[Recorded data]
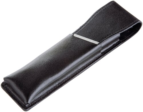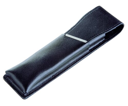 Schwarzes Lederetui für ein oder zwei Schreibgeräte mit silberfarbener Metallleiste.
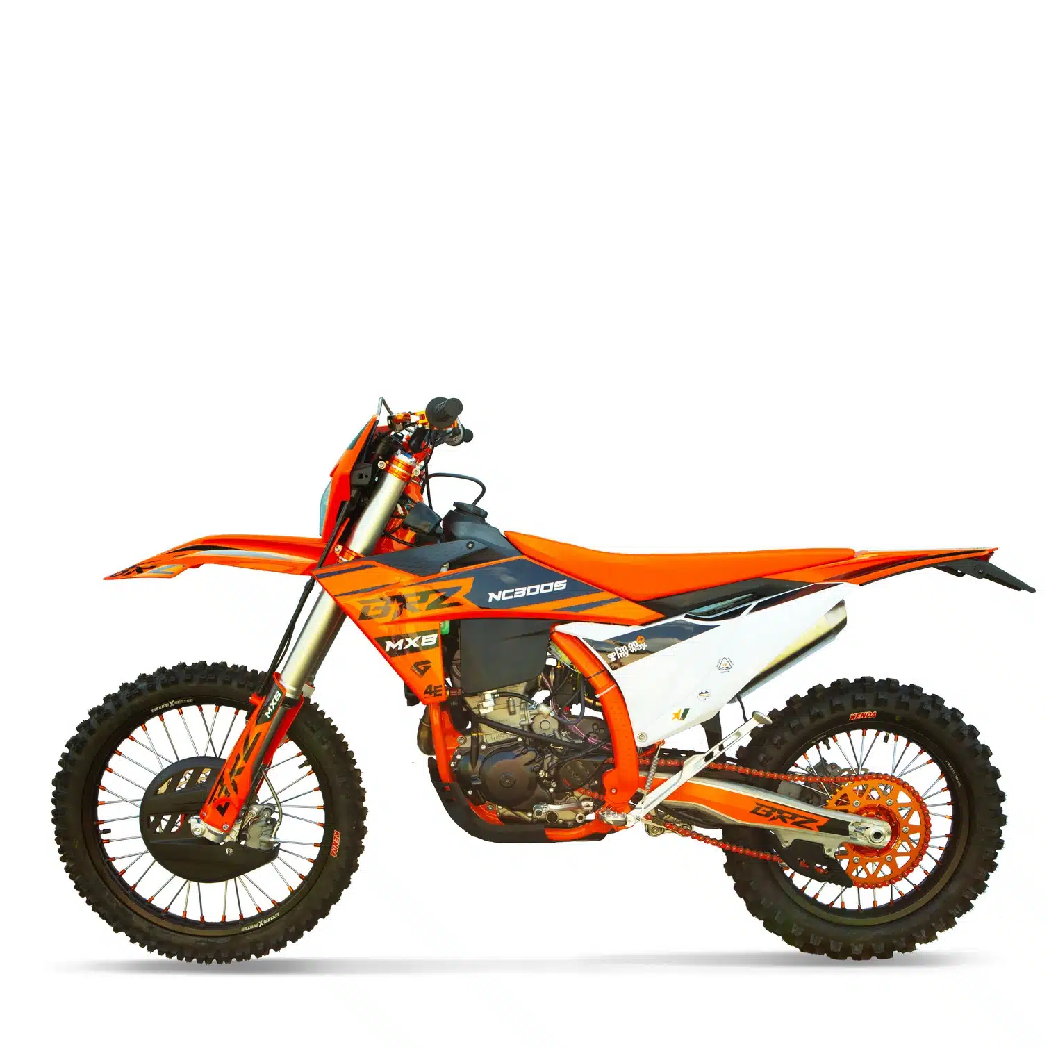 BRZ MX8 NC300s 24 — это отлично сбалансированный полноразмерный эндуро-мотоцикл, созданный для опытных райдеров. Он построен на абсолютно новой жесткой дуплексной хром-молибденовой раме типа KTM 2024 года, в которой двигатель расположен ниже, что обеспечило низкий центр тяжести, легкую и точную управляемость. Сердцем модели является мощный четырехтактный двигатель Zongshen ZS182MN объемом 300 см³, развивающий 38 л.с. и работающий в паре с карбюратором NIBBI RACING PWK 34 для максимальной отзывчивости и производительности.
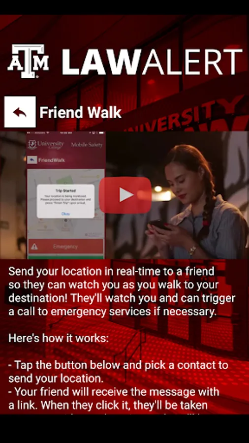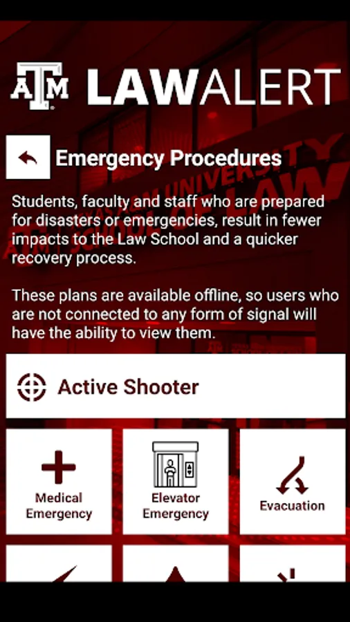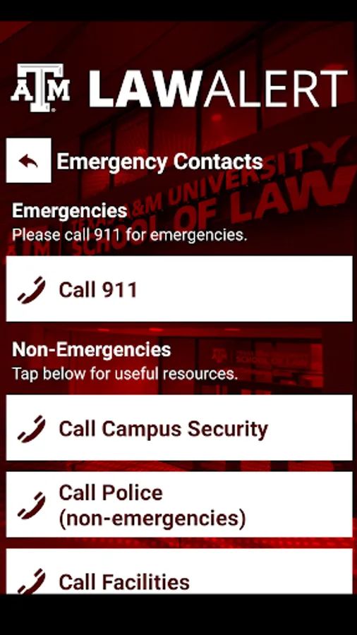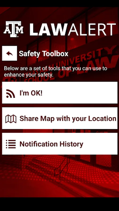 - Safety Notifications: Receive instant notifications and instructions from Texas A&M University School of Law safety when on-campus emergencies occur.
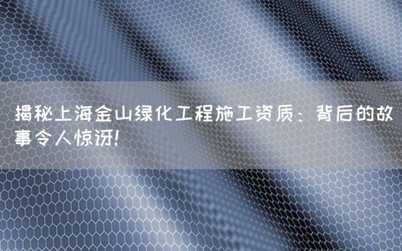 上海金山区作为中国东部沿海地区的一个重要城市,一直以来都非常注重城市绿化工程的建设。近年来有关金山绿化工程施工资质的一些问题引起了公众的关注。本文将深入探讨这些问题,并揭示背后隐藏着令人惊讶的故事。
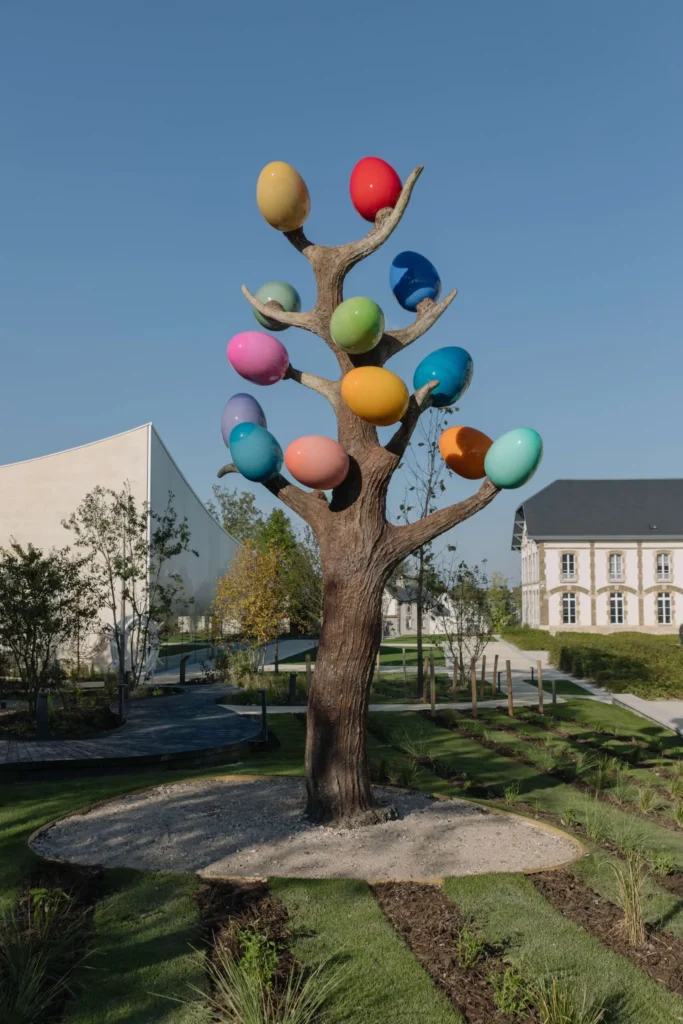 L’édifice, situé face aux bâtiments historiques de la cour d’honneur de la Maison Ruinart, a ainsi été pensé comme un espace pour célébrer la culture et l’art de vivre. À l’intérieur, les visiteurs peuvent flâner dans une élégante boutique, déguster des champagnes dans un bar raffiné, ou encore explorer une cave secrète où sont conservées des cuvées millésimées rares. À l’extérieur, les jardins accueillent une vingtaine d’œuvres d’art contemporain, réalisées spécifiquement pour Ruinart. Le tout est en accès libre, offrant une expérience culturelle complète et unique aux visiteurs.

__Activity__: Output each record above exactly; omit the images.

__Answer space__:
 Schwarzes Lederetui für ein oder zwei Schreibgeräte mit silberfarbener Metallleiste.
 BRZ MX8 NC300s 24 — это отлично сбалансированный полноразмерный эндуро-мотоцикл, созданный для опытных райдеров. Он построен на абсолютно новой жесткой дуплексной хром-молибденовой раме типа KTM 2024 года, в которой двигатель расположен ниже, что обеспечило низкий центр тяжести, легкую и точную управляемость. Сердцем модели является мощный четырехтактный двигатель Zongshen ZS182MN объемом 300 см³, развивающий 38 л.с. и работающий в паре с карбюратором NIBBI RACING PWK 34 для максимальной отзывчивости и производительности.
 - Safety Notifications: Receive instant notifications and instructions from Texas A&M University School of Law safety when on-campus emergencies occur.
 上海金山区作为中国东部沿海地区的一个重要城市,一直以来都非常注重城市绿化工程的建设。近年来有关金山绿化工程施工资质的一些问题引起了公众的关注。本文将深入探讨这些问题,并揭示背后隐藏着令人惊讶的故事。
 L’édifice, situé face aux bâtiments historiques de la cour d’honneur de la Maison Ruinart, a ainsi été pensé comme un espace pour célébrer la culture et l’art de vivre. À l’intérieur, les visiteurs peuvent flâner dans une élégante boutique, déguster des champagnes dans un bar raffiné, ou encore explorer une cave secrète où sont conservées des cuvées millésimées rares. À l’extérieur, les jardins accueillent une vingtaine d’œuvres d’art contemporain, réalisées spécifiquement pour Ruinart. Le tout est en accès libre, offrant une expérience culturelle complète et unique aux visiteurs.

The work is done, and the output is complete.